Hi everyone I started with PMR Febuary 2013 had an up and down year with the pred, at the moment on 10mg but not doing too well, i'm ok until I try doing anything physical which is difficult when you work. my age is 52 so the future looks quite bleak. This hip and knee pain has only started this week has anyone else suffered with this too. Linda E
1 like, 15 replies
EileenH
Posted
Can you tell us more about the ups and downs and what exactly you mean by "hip and knee pain". If you really have simple PMR then you should have got a lot of relief at the beginning when you were given pred: did you? What was it like at the beginning? And what is the pain like now? Where, what is it like?
There are things that can cause pain in your hips and down into the leg - but we need to know a bit more.
Eileen
diane26757
Posted
Welcome to this group. I just got recently started in it - about a week or two ago. I have really enjoyed reading it for much longer. I feel almost exactly like you. I was diagnosed in May and started on 20 mg. of prednisone. My first weaning went pretty well because my GP had me wean slowly, but when I got to 5mg. my rheumatologist had me cut it in half and it was almost instant flare up. I see him next month and am going to ask if it is not better to wean at only 10% of the dosage at a time. This is from information i have gotten from this forum. I recently had another flare up and he did a burst and taper with me. It was 3 days of 40mg., 3 days of 30mg, 3 days at 20 mg. and three days at 10 mg. I became very painful at 10 mg. so he put me at 15 mg. and after about a week now, I am feeling quite a bit better. On the weekend, Sat., Sun., and even Mon. I had a pretty bad headache and in the evenings the back of my neck started hurting. I was afraid that it could be GCA, and knew I would be seeing my GP today so I am going to ask her about it but today and yesterday it is/was not hurting. I hope she can give me some answers on it.
I do want to let you know though that yes, I do have hip and knee pain. The reason for it is I need two knee replacements and one hip. Have you seen an orthopedic Dr. about yours? I see my orthopedic Dr. tomorrow about that. I am hoping I can do one of the replacements early in April. But I must say that some days I don't know if it is PMR causing a lot of the pain or the fact that the three joints are bone on bone. Between today and tomorrow I hope to get some answers and will share any important information with you that I get.

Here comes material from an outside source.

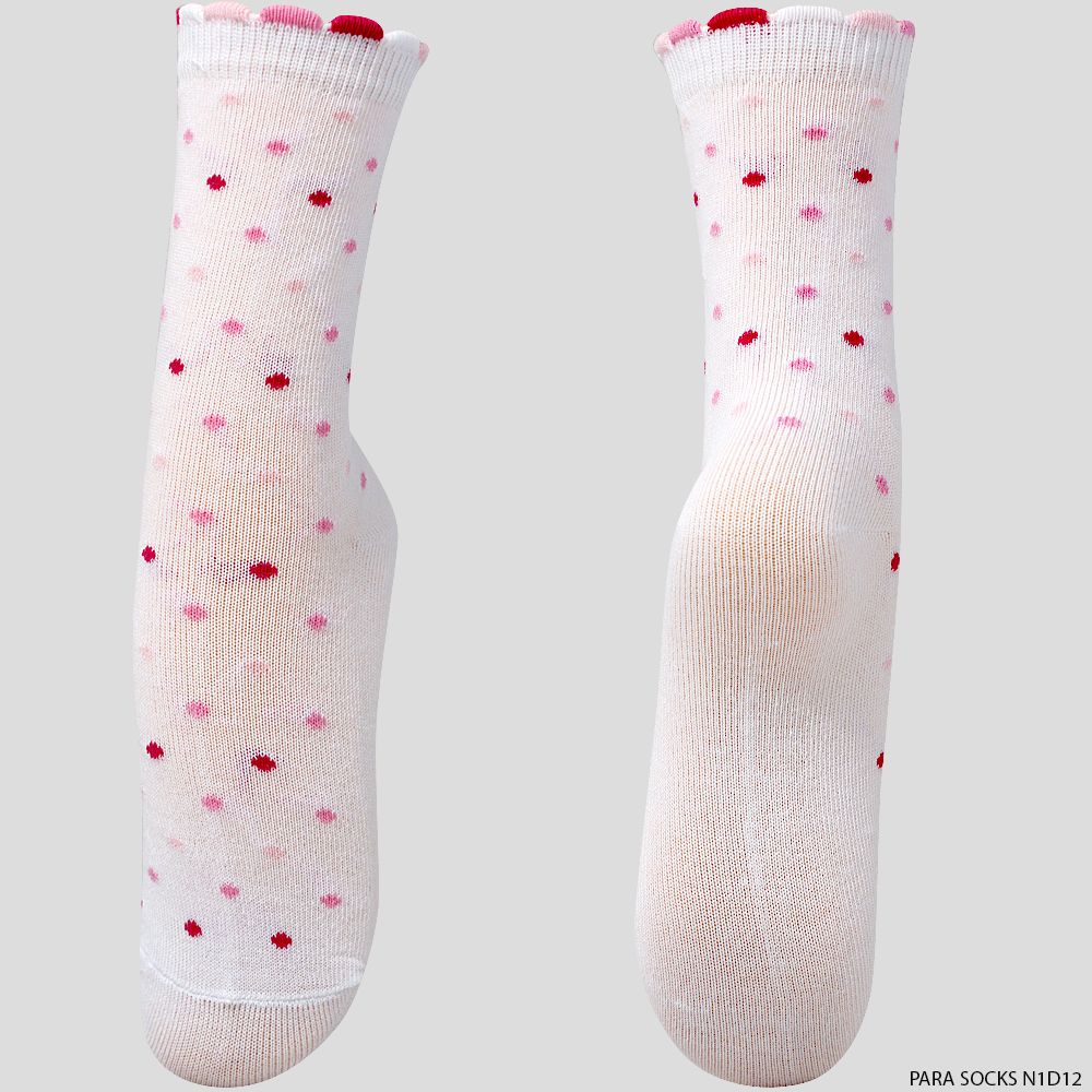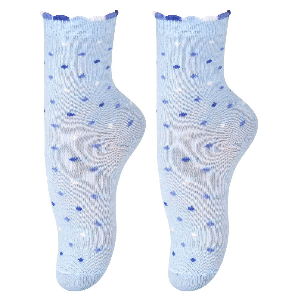Детские носки из смесовой пряжи с добавлением прочной эластановой нити. Отличаются двойным разноцветным бортом с рюшкой "пикот" и кеттельным швом на мыске. Большое содержание хлопка в составе гарантирует комфортный микроклимат, а искусственные волокна - хорошее прилегание и износостойкость. Модель примечательна вывязанным по всему изделию принтом "горошек".

One other symptom that I have a lot is extreme tiredness. When I am well I am almost like the "energizer bunny". Now there are days I wake up, eat some breakfast and have to lay down or sit down and often fall asleep for another hour or so. Then I can make it through the day. I also am still concerned that I still have to take pain pills - sometimes up to 6 a day. I will be asking about that today and tomorrow also.
Wish the best for you.
Diane
escot
Posted
Yes, I understand where you are coming from, as I was diagnosed with PMR last July and put on Preds of
20mg and became like a spring Chicken, energetic etc, now having reduced the Preds ,over the past few few months
I am n 12mg the pains and discomfort are coming back.and everything seems to be an effort.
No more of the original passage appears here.